### Records for this task

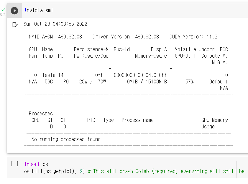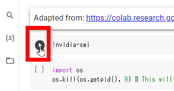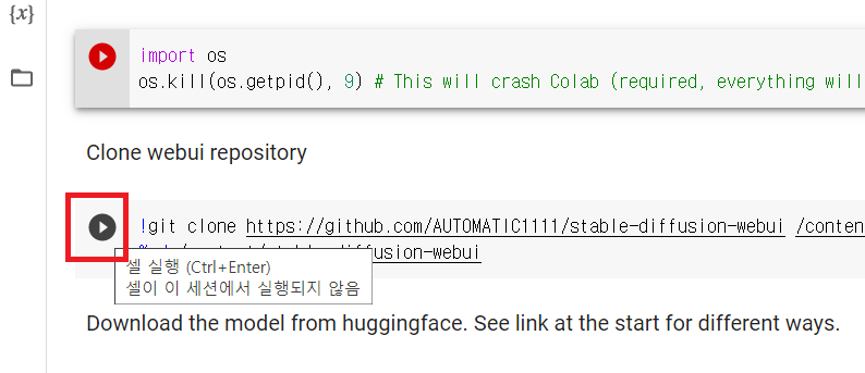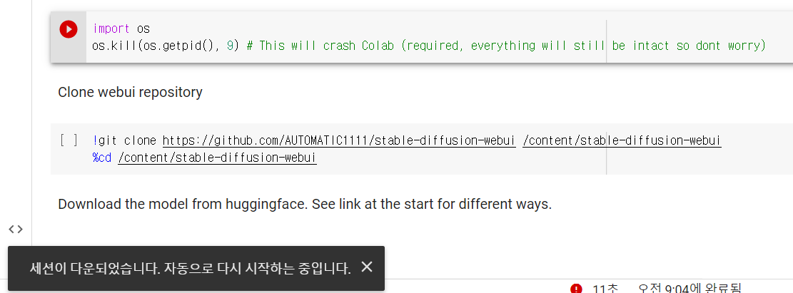 「import os」라고 하는 코드 부분에서는 재생 버튼을 누르면 브라우저 하단에 메시지가 표시되면서 재생 버튼이 빨갛게 변합니다. 완료 표시도 나오지 않지만, 그냥 무시하시고 다음으로 진행해도 됩니다.
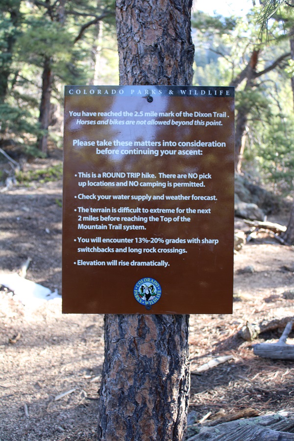 After hiking for 2.5 miles on the Dixon Trail I came to what I initially thought was a camping area. Once I read the sign however, I realized it was a place to park your bikes/horses, as they aren’t allowed any further on the trail.
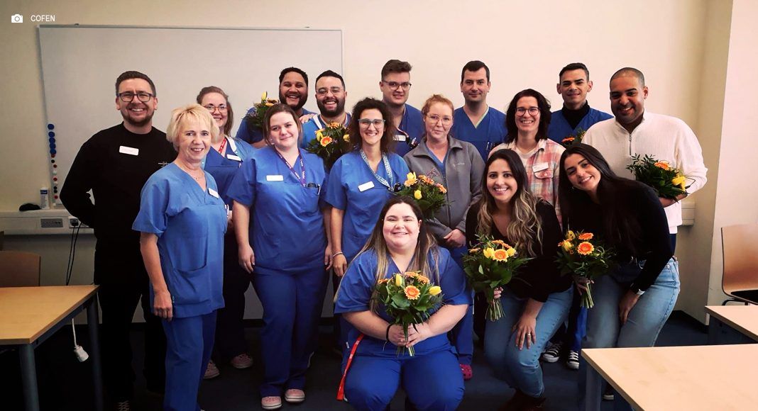 Ela conclui ressaltando a importância da parceria do Cofen com a Alemanha: “Foi essencial, não só para o nosso preparo no idioma antes de virmos, mas também para nossa segurança aqui. O apoio do Cofen fez com que o hospital nos olhasse de forma diferente, sabendo que viemos com suporte e não estávamos sozinhos”, finaliza.
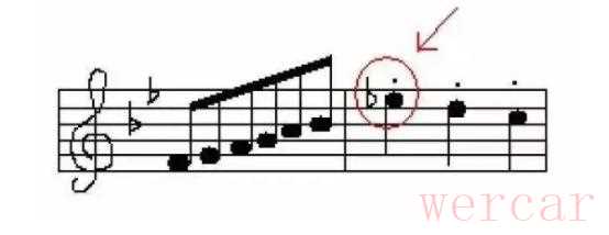 (7)记在音符前面的变音记号叫做临时升降号。(表示对变音记号后面一小节内的该音有效);
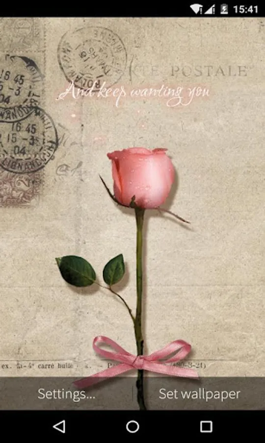Rose And Poetry HD Live Wallpaper is an amazing wallpaper that includes a rose with the pink bowknot on the screen which also use the old envelope as a background.

######

■ What is being asked: Restate the data exactly, though only from the line that contains "(7)记在音符前面的变音记号" through its last line, both ends included and with the pictures left out.

■ Task result:
 (7)记在音符前面的变音记号叫做临时升降号。(表示对变音记号后面一小节内的该音有效);
Rose And Poetry HD Live Wallpaper is an amazing wallpaper that includes a rose with the pink bowknot on the screen which also use the old envelope as a background.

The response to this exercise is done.